Our approach to this item has been stated in the Dáil. I hope the Minister will forgive me, and I do not like doing it, but I must read my notes from my telephone as we had some technical difficulties trying to get them printed. I ask her to excuse me for doing it. For too long the annual debate on the renewal of these emergency provisions has been characterised not by a proper examination of either provision or the provisions' effectiveness but by the historical political marriage to this legislation by both Fianna Fáil and Fine Gael. For the record, we are not debating the continued use of the Special Criminal Court or the principle of non-jury courts. That is contained in primary legislation. What we are being asked to renew is emergency provisions. By its nature emergency legislation should be required to deal with an emergency. Whatever circumstances, and perspective on them, existed when these powers were first passed, those circumstances plainly do not exist now.

There is no emergency in 2020. What there is in communities throughout this State is ongoing issues with serious organised crime. These emergency provisions did not stop the heroin barons in the 1980s, John Gilligan and others in the 1990s and the Kinahans and their like in the 2000s getting mega-rich on the backs of ordinary, decent and many working class communities while the political class sat here nodding these provisions through, year after year, with little or no regard for what was needed to deal with serious organised crime. What we must put in place in the 21st century is 21st century law that will deal with 21st century criminal gangs. The criminal gangs are no respecters of national borders, operate on a global scale and very often operate entirely online. Do people seriously expect legislation which was mainly drafted in the 1930s to be able to deal with these modern challenges? As legislators, we owe it to the people who sent us here to examine what we are voting on. We owe it to the communities that are ravaged by the activities of international criminal gangs to put in place the necessary legal framework to allow the courts and the Garda to do their jobs effectively.

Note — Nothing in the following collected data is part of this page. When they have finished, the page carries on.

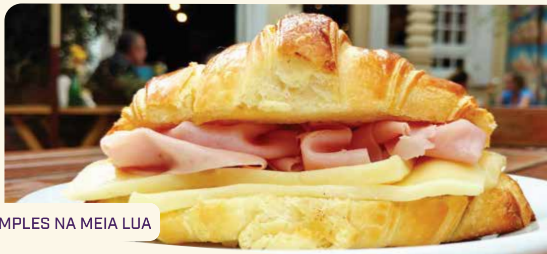
SIMPLES NA MEIA LUA
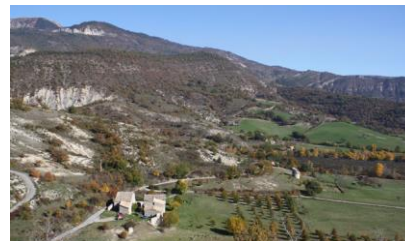
Ferme ancienne, maillage de haies et polycultures (St-Vincent-sur-Jabron)
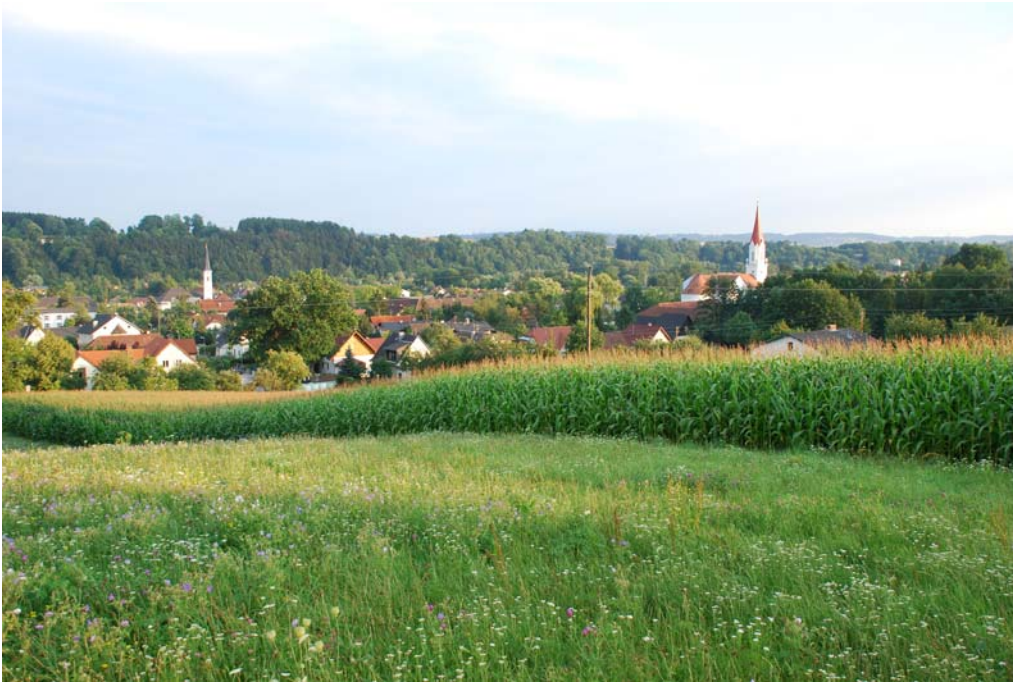
Abb. 1: Wallern an der Trattnach

That is why Sinn Féin has called for a review of these powers. The current legislation has failed communities. Those failures are written in the blood of the young people killed in feuds and the lives lost to heroin and other drugs, and are seen each time a parent ends up trying to scrape together money to pay off a child's drug debt to try to save the child's life in the face of threats from thugs. The reason we called for a review is to create the space over the next year to put together primary legislation which is not couched in an emergency, is not reliant on an annual review and is not contaminated by annual political discourse, but which puts in place a 21st century legal framework aimed at keeping our communities safe. Surely we can collectively build a political consensus on that aim. Surely we can bring a proper focus on what is required in the Ireland of today, not fighting political battles over a legislative measure from another time. Indeed, it is worth noting that the Good Friday Agreement, endorsed overwhelmingly by the Irish people 22 years ago, demanded that the Irish Government initiate a wide-ranging review of the Offences against the State Acts 1939 to 1985 with a view to both reform and dispensing with those elements no longer required as circumstances permit.

I appeal to other parties and stakeholders to open the door to a better way through the review process, to abandon the notion of emergency powers, to move to the space of giving the Garda and the courts the tools to keep communities safe, to do it in a mature, sensible and grown up way, to take counsel from those on the front line and then go about framing effective legislation that can become the start of a new way of tackling the criminal challenges the Ireland of 2020 faces. We have called for that review and the Minister referred to it in her contribution. Other colleagues have also referred to it. While I appreciate that it was only announced recently and the Minister has only taken office in the last few days, perhaps she will be in a position to facilitate us, for the purposes of the record and our information, by outlining some of what she understands and hopes that review will be and what she intends to do with it as Minister so all the points raised by me and Members across the House and across political views can be taken on board. We can assist the Minister and work collaboratively and positively with the shared stated aim of trying to get legislation that works effectively, is human rights compliant and will ultimately work to keep the communities that are suffering the most safe from the criminal gangs who are putting them under such threat.